Ode To The Ghetto
Guilty represents with his Ode the underdogs in the culture of rap music who are still interested in the business of making great music, as he gets back to the essence of Hip Hop by telling honest stories. As a member of The Almighty Dreadnaughtz crew, Guilty's claim to fame came courtesy of the late, brilliant producing czar J. Dilla. Dilla Dog collaborated with Simpson on several albums (Jaylib's Champion Sound, 2006's Chrome Children and The Shining, just to name a few) and singled him out as one of his favorite MC's (talk about pressure). But Guilty stays cool as a fan, as he crafts his LP from the vantage point of an observer of Hip Hop who has been waiting for so long to tell his story. Now he has finally reached his promised land, and decided to put it on wax.
The album opens up with "The American Dream", a brilliant perspective of certain aspects of black life on various corners in the U.S of A. Produced by the avant-garde boardsman Madlib, the fusion of gospel, blues, soca and Indian music plays the perfect assist to Guilty's score, ("To be a drug dealer is the American Dream, To get paid some go to every extreme, one black will leave another red for green").
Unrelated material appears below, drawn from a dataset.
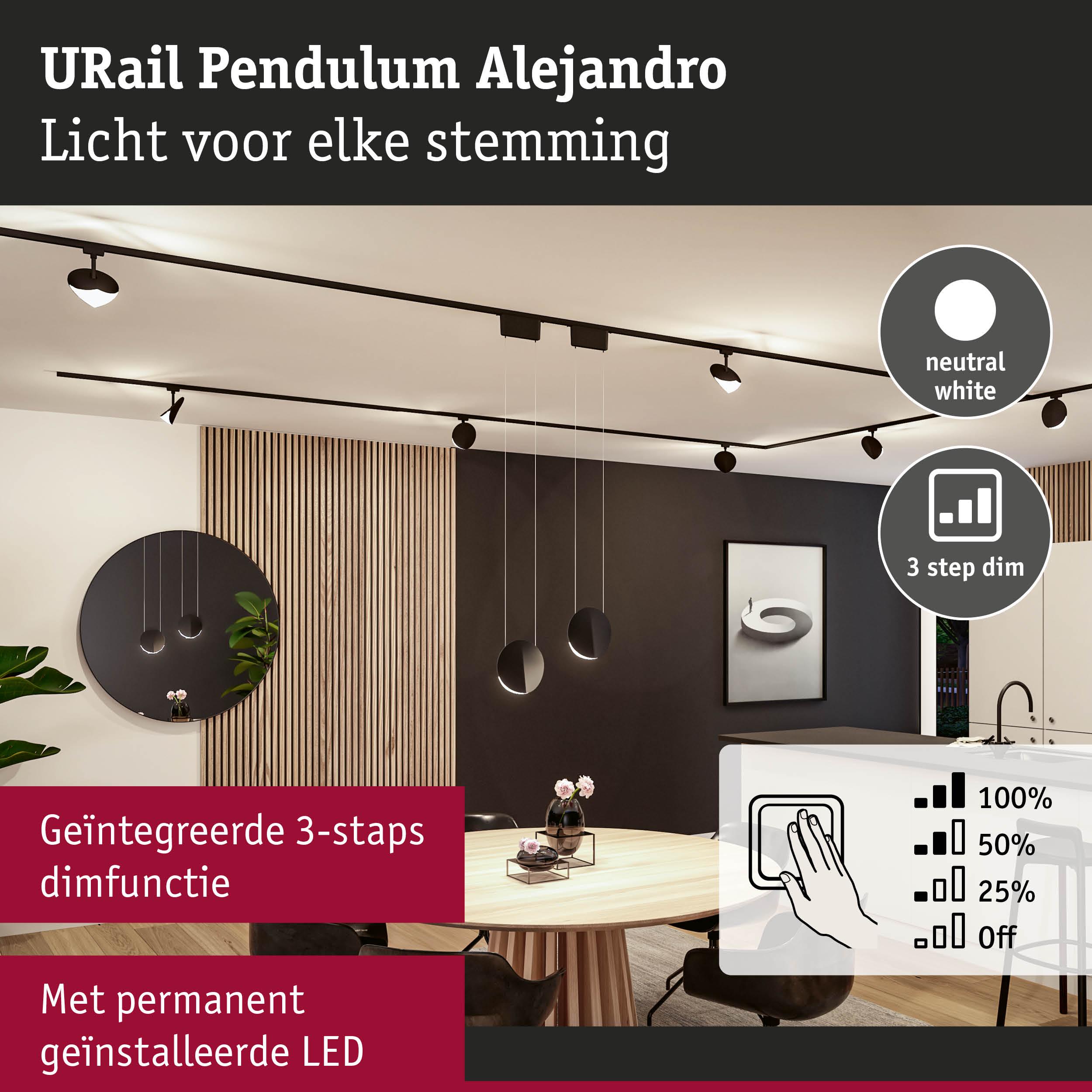 URail Pendels 3-Step-Dim Alejandro 800lm 10W 4000K dimbaar 230V Zwart mat

This type of witty story telling and ingenuous wordplay is where we find Guilty at his strongest. "Robbery" is a eerie cautionary tale, produced by fellow Detroit native Mr. Porter, about what a mix of desperation and hopelessness can do the the psyche. We then see Guilty Simpson taking us on a journey exploring his sensitive side on the tracks "She Won't Stay at Home", and "I Must Love You", the latter produced by the legendary Dilla. Guilty touches on everything from a flirtatious waitress at Red Lobster looking for extra tip money, to getting caught by his girlfriend as he is boning her cousin. He relates these tales with such an amusing, unorthodox knack for storytelling that keeps your ears captivated.
The album starts to lose focus with the songs "Footwork" and "Get Bitches", as Guilty becomes redundant with the subject matter, with these cuts falling way short in substance. But he gets right back in his zone with the Madlib helmed "Pigs", a song that seems to be inspired by the Black Panther movement. It is the familiar story of a young black man stating his tiresome frustration with police corruption, all while putting on his bulletproof vest.
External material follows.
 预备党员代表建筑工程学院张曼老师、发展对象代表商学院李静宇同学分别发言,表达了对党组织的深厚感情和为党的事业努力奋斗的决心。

This album also showcases the talents of the new wave maestros out of the D, with producer/rapper Black Milk putting his unique stamp on the track "The Real Me". This song should be an anthem for every rapper to just be themselves, even if you are not a dope boy, or have not been shot 50 times. Guilty spits the truth on this song simple and clear, ("Many bloodstains paint the Ave., Makes you wonder what choice we have, I choose not to take that path, I ain't tryna feel the D.E.A.'s wrath").
Many rapper's today talk about the grind, but they just use the word as a popular catchphrase in urban pop culture. For a MC like Guilty Simpson, the grind is as common in his vocabulary as the words yes and no. Ode to the Ghetto is an abundant, compelling album full of funny anecdotes and bleak narratives that all come together to sum up ghetto life. Guilty comes off as a crowning hybrid of Ice Cube's frantic idioms and The Notorious B.I.G.'s unruffled colloquies, as he lays out the joys and pains of coming up in his city. He can draw you in and make you relate to his story, even if you have never seen a liquor store or storefront church in your life.
There will probably be several people that praise, reward and award the work that is Ode to the Ghetto, but no approval can be more important and satisfying to Guilty than that of Mr. Dilla, as his early co-sign of his talent is now coming to fruition. Let's hope that Jay Dee is banging on his MPC in that eternal blue sky right now, looking to cook up some more heat for Guilty's next album.